Les
États-Unis d’Amérique sont cités en exemple comme modèle politique. Avec
raison. Après tout, le pays symbolise la liberté, l’innovation, le prestige. C’est
dans ce pays qu’on retrouve les plus grandes universités (pensons à la Ivy
League), les plus grandes entreprises d’innovation technologique (pensons à la
Silicon Valley), les institutions financières qui dictent la marche à suivre à
bon nombre d’États. Comme gendarme du monde (hard power), mais aussi comme modèle culturel (soft power), les États-Unis exportent encore chaque jour l’image
d’une Amérique triomphante. Néanmoins, la campagne présidentielle actuelle
soulève une fois de plus des questions immenses sur le caractère désuet de la
démocratie étasunienne. Loin de symboliser le progrès et la liberté, ce système
politique est sclérosé, élitiste et gangrené. Examinons la situation.
Le
système est sclérosé. Pour s’en convaincre, il n’y a qu’à observer la présidence
de Barack Obama depuis 2009. À la fondation des États-Unis, le système de checks and balances a été mis en place
pour empêcher les abus possibles d’un des trois pouvoirs (exécutif, législatif
ou judiciaire). Soit. Mais cela fonctionne tellement bien qu’Obama a dû
renoncer à une réforme substantielle du système de santé, qu’il a été dans
l’impossibilité d’apporter quelque changement que ce soit en matière de
contrôle des armes à feu et qu’il a été contraint de suivre l’agenda du Congrès
républicain (depuis 2011) quant aux dépenses de l’État. Même à l’international,
les initiatives du président sont sans cesse contrecarrées (fermeture de
Guantanamo, actions pour lutter contre les changements climatiques,
rapprochements avec Cuba et l’Iran). Pourquoi tant de soucis? Parce que la
partisannerie transcende désormais la chose
publique, éloignant démocrates et républicains de tout compromis possible. L’arrivée
du Tea Party dans le paysage politique depuis 2008 radicalise une frange
importante des partisans républicains et exacerbe ainsi les tensions avec le
parti rival.
Le
système est élitiste. Certains pourraient parler d’« oligarchie » compte tenu
du fait que la moitié des élus au Congrès sont millionnaires. Pour ceux qui
aspirent aux postes de pouvoir, les campagnes électorales sont coûteuses et
réservées exclusivement à l’élite des deux grands partis. Pour un candidat
indépendant, les chances d’être élu sont pratiquement nulles. Quant au système
de vote, il comporte des éléments issus d’une autre époque tel que le système
des Grands électeurs. Toutefois, le plus discriminatoire des éléments est sans
doute la ségrégation informelle qui tient des membres de communautés en entier hors
de l’engagement civique (Noirs et Hispaniques).
Le
système est gangrené. Il l’est par les lobbies et groupes de pression qui
exercent une influence colossale sur les élus. Rappelons à cet effet que les
États-Unis sont en élection à toutes les deux années, d’où l’influence marquée
de tels groupes qui profitent d’un climat électoral permanent. Pour donner
quelques exemples lourds de conséquences, la National Riffle Association (NRA)
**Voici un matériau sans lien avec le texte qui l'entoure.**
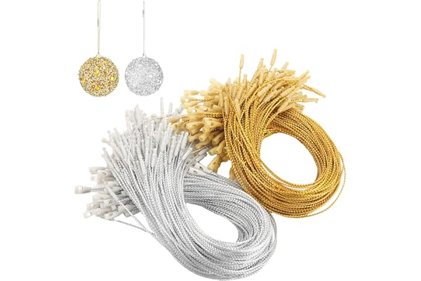 Christmas Ornaments Hanger String 100Pcs Silver + 100Pcs Gold Ribbon Ornament Hook Ropes Precut String with Snaps Locking for Xmas Ornament Hanging Decorations
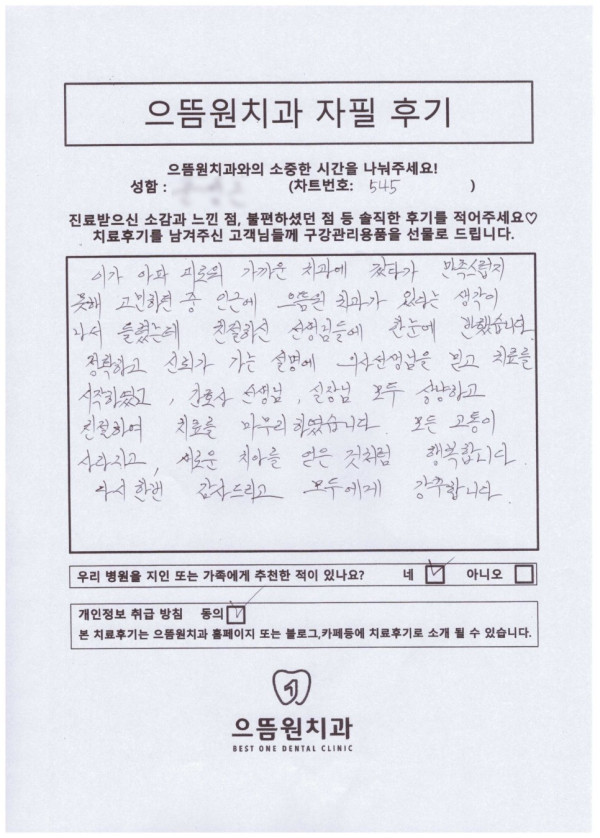 페이지 정보 작성자 최고관리자 댓글 0건 조회 485회 작성일 23-12-18 10:36 목록 후기 본문 이가 아파 괴로워 가까운 치과에 갔다가 만족스럽지 못해 고민하던 중 인근에 으뜸원 치과가 있다는 생각이 나서 들렀는데 친절하신 선생님들에 한눈에 반했습니다. 목록목록 이전글후기 24.01.04 다음글후기 23.12.18 댓글 0 댓글목록 등록된 댓글이 없습니다.

bloque toute tentative de contrôle des armes à feu; l’American Israel Public
Affairs Committee (AIPAC) oriente la politique étrangère des États-Unis au Proche
et au Moyen-Orient; des grandes industries pétrolières comme Exxon Mobil ou
Chevron exercent une influence notable sur les politiques énergétiques du pays;
et le dessein des États-Unis se décide davantage à Wall Street qu’à Washington.
En
somme, il serait aisé de se laisser piéger par le cynisme. D’ailleurs, la
campagne dangereusement clownesque de Donald Trump pourrait même nous faire
croire que démocratie rime avec mascarade. Quant aux campagnes de Clinton,
Rubio, Bush ou Cruz, elles ne semblent proposer que la reproduction d’un
système bipartisan figé. Cependant, comme en 2008 quand Obama parlait d’espoir
(Hope) et de changement (Yes we can), les Américains doivent
s’accrocher aux idées progressistes et aux politiciens qui proposent de faire
les choses autrement. Dans cette optique, Bernie Sanders porte un vent de
fraicheur en proposant de s’attaquer au pouvoir de Wall Street. Il propose une
véritable révolution sociale : soins de santé universels, gratuité
scolaire dans les collèges, salaire minimum, fractionnement des grandes
banques. Obama a le mérite d’avoir mobilisé une partie importante de la
population autour d’idées porteuses et de slogans originaux. Le prochain
président devra aller plus loin et assumer des responsabilités sans précédent.
Il devra réformer cette superpuissance.